Why the State of the Union Address Has Turned into a Publicity Stunt

Advances in technology have allowed Americans to be more educated about and feel that they are more significant to their federal government. These advances have dramatically changed the role of the President of the United States as well as the point of view of the American citizen.

A well-known turning point regarding the impact of technology on the federal government is the first televised Presidential debate on September 26th, 1960. Nixon and Kennedy were participating in this debate. Most people who listened to this debate on the radio thought that Nixon had won the debate while most people who watched the debate on television thought that Kennedy had won. This event forced politicians to take appearances seriously while trying to gain the popularity of the American public on television due to America’s possibly subconscious yet definitely shallow view about the physical appearance of leaders.

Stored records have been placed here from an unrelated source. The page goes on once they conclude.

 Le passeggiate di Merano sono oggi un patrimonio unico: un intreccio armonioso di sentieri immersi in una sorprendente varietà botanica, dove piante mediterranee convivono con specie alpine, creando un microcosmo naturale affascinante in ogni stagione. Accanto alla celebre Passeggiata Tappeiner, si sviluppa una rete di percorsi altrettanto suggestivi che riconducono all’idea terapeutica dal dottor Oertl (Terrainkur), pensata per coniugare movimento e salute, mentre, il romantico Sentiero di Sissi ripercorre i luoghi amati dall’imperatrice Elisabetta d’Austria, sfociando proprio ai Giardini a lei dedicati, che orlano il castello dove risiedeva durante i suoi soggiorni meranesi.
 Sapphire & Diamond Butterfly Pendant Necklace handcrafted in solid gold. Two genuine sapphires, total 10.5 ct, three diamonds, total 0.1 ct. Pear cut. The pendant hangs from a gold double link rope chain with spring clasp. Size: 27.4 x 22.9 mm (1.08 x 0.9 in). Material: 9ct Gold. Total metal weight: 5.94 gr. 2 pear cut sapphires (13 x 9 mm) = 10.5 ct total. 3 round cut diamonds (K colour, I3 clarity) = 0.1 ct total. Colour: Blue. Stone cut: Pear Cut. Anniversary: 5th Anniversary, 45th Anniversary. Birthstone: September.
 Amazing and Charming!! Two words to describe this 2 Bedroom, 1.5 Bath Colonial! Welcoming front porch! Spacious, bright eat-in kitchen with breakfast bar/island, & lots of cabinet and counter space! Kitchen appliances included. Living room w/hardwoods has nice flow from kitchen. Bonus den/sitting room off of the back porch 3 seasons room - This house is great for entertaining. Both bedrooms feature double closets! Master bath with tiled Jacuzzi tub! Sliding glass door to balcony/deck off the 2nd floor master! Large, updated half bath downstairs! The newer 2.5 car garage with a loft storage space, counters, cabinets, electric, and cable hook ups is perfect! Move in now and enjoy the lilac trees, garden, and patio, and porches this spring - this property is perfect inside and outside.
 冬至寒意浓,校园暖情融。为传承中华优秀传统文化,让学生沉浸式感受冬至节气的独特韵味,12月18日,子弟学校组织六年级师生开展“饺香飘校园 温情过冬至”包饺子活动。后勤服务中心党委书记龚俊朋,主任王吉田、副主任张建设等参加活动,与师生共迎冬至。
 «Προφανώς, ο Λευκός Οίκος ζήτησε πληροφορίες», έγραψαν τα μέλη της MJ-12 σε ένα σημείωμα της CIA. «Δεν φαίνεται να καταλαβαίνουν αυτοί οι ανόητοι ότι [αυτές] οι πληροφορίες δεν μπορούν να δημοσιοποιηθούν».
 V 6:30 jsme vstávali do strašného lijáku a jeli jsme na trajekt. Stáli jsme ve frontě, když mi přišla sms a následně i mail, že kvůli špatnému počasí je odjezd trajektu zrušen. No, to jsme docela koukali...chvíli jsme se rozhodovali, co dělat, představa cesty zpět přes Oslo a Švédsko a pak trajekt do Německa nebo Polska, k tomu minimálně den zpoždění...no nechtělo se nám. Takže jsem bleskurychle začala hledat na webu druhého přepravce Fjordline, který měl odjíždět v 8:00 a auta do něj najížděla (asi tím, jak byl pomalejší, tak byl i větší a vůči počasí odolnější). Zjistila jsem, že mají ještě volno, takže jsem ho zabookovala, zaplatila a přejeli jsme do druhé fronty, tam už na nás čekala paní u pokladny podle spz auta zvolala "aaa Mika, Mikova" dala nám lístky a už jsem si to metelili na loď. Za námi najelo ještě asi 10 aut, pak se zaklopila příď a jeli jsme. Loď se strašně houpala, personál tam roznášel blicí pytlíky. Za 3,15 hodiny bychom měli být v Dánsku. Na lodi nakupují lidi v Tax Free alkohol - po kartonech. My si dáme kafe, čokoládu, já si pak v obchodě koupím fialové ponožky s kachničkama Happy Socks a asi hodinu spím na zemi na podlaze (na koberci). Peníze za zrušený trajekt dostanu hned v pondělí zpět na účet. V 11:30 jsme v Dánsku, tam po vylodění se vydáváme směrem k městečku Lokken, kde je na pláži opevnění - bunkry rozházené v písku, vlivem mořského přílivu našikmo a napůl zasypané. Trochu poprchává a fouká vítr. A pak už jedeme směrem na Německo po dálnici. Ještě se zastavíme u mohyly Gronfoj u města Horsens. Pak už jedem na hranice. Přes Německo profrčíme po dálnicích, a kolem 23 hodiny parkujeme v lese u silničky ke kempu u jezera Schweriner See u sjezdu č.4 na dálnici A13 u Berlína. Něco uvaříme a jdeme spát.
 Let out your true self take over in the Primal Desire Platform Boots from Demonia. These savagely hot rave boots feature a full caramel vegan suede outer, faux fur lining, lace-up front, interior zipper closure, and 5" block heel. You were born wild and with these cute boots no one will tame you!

Presidential debates and campaigns have always been a way to gain support of the country and rally the support of citizens, but now almost every public move that Presidents make is an attempt to gain more support.

The State of the Union was formally known as the Annual Message from 1790 to 1946.  Thomas Jefferson started the practice of delivering the Annual Message in a written statement rather than in an oral address. President Woodrow Wilson restarted the practice of delivering the Annual Message orally and President Roosevelt solidified this practice. The first television broadcast of the State of the Union was President Harry Truman’s address in 1947. In the modern era, the State of the Union has almost always been delivered orally. Now, the State of the Union is an opportunity to address the citizens of the country as well as Congress. It is illogical for the President to pass up a televised opportunity for a speech such as the State of the Union.

The tradition of the State of the Union Address exists because Article II, Section 3, Clause 1 of the Constitution states that the President “shall from time to time give to Congress Information of the State of the Union, and recommend to their Consideration such measures as he shall judge necessary and expedient.” On Tuesday, President Obama shared his recommendation for the minimum wage to be raised and said that he would be raising the minimum wage for federal workers to $10.10 per hour. This would only apply to new contracts being negotiated, so the people affected by this change is not as big as it seems.

Most people thought that President Obama gave a powerful State of the Union Address. Looking past the old speech tactic of listing hypothetical people and situations endlessly to gain the emotional support of viewers (eg: “A rural doctor gave a young child the first prescription to treat asthma that his mother could afford.” and “An autoworker fine-tuned some of the best, most fuel-efficient cars in the world, and did his part to help America wean itself off foreign oil.”), I think it was not a complete waste.